Dans l’étape une de GWAS (542 patients atteints d’IPF, 542 sujets témoins appariés aux cas par estimation d’ascendance génétique), nous avons identifié 20 loci. Six SNPs ont atteint la significativité sur le plan pangénomique à l’étape deux (544 patients, 687 sujets témoins) : trois SNPs TOLLIP (rs111521887, rs5743894, rs5743890) et un SNP MUC5B (rs35705950) à 11p15.5 ; un SNP MDGA2 (rs7144383) à 14q21.3 ; et un SNP SPPL2C (rs17690703) à 17q21.31. L’étape trois (324 patients, 702 sujets témoins) a confirmé les associations pour tous ces SNPs, sauf pour rs7144383. Le déséquilibre de liaison entre le SNP MUC5B (rs35705950) et les SNPs TOLLIP (rs111521887 [r2=0 ,07], rs5743894 [r2=0,16], et rs5743890 [r2=0,01] était faible. 683 patients de GWAS ont été inclus dans l’analyse de mortalité. Les sujets qui ont développé une IPF, malgré l’effet protecteur de l’allèle mineur TOLLIP de rs5743890, étaient porteurs d’un risque de mortalité augmenté (méta-analyse sur modèle à effet fixe : hazard ratio 1,72 [Intervalle de Confiance – IC – 95% 1,24-2,38] ; p=0,0012). L’expression de TOLLIP était diminuée de 20% chez les sujets porteurs de l’allèle mineur de rs5743890 (p=0,097), de 40% chez ceux porteurs de l’allèle mineur de rs111521887 (p=3,0x10-4), et de 50% chez ceux porteurs de l’allèle mineur de rs5743894 (p=2,93x10-5), en comparaison des porteurs homozygotes des allèles communs pour ces SNPs.

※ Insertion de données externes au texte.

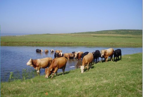 刚下马就听见有人喊:“牛群下水了”!寻声望去,果然一群牛正游过来,急忙举相机抓镜头,牛一步步走近我来,开始我只顾照相,只有几步远的时候我害怕了,因为我的衣服是红色的,赶紧走开了。饶过牛群展望水库,水波荡漾、波光粼粼、游船悠哉、,遥现湖心岛,黑色的燕子低飞在绿色的水面上,时而白鹭展翅,蓝天、碧水、绿草,感觉像到了异域草原!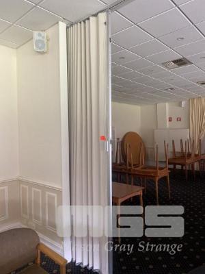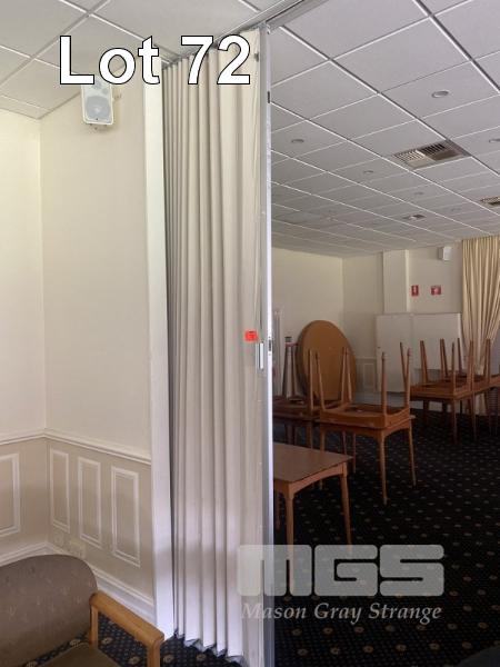 2 x HUFCOR CONCERTINA DIVIDING WALLS, BEIGE, 3200mm (H) x 5200mm (L) WITH TOP RAILS & BRACKETS (ONE DAMAGED)

Les variantes nouvelles dans TOLLIP et SPPL2C sont associées à une susceptibilité à l’IPF. Une nouvelle variante de TOLLIP, rs5743890, est également associée à la mortalité. Ces associations, ainsi qu’une expression diminuée de TOLLIP chez les patients porteurs de SNPs TOLLIP, amplifient l’importance à accorder à ce gène. Prof Imre Noth MD et al, in The Lancet Respiratory Medicine, Early Online Publication, 17 April 2013

Financement: National Institute of Health (NIH); National Heart, Lung, and Blood Institute; Pulmonary Fibrosis Foundation; Coalition for Pulmonary Fibrosis; and Instituto de Salud Carlos III.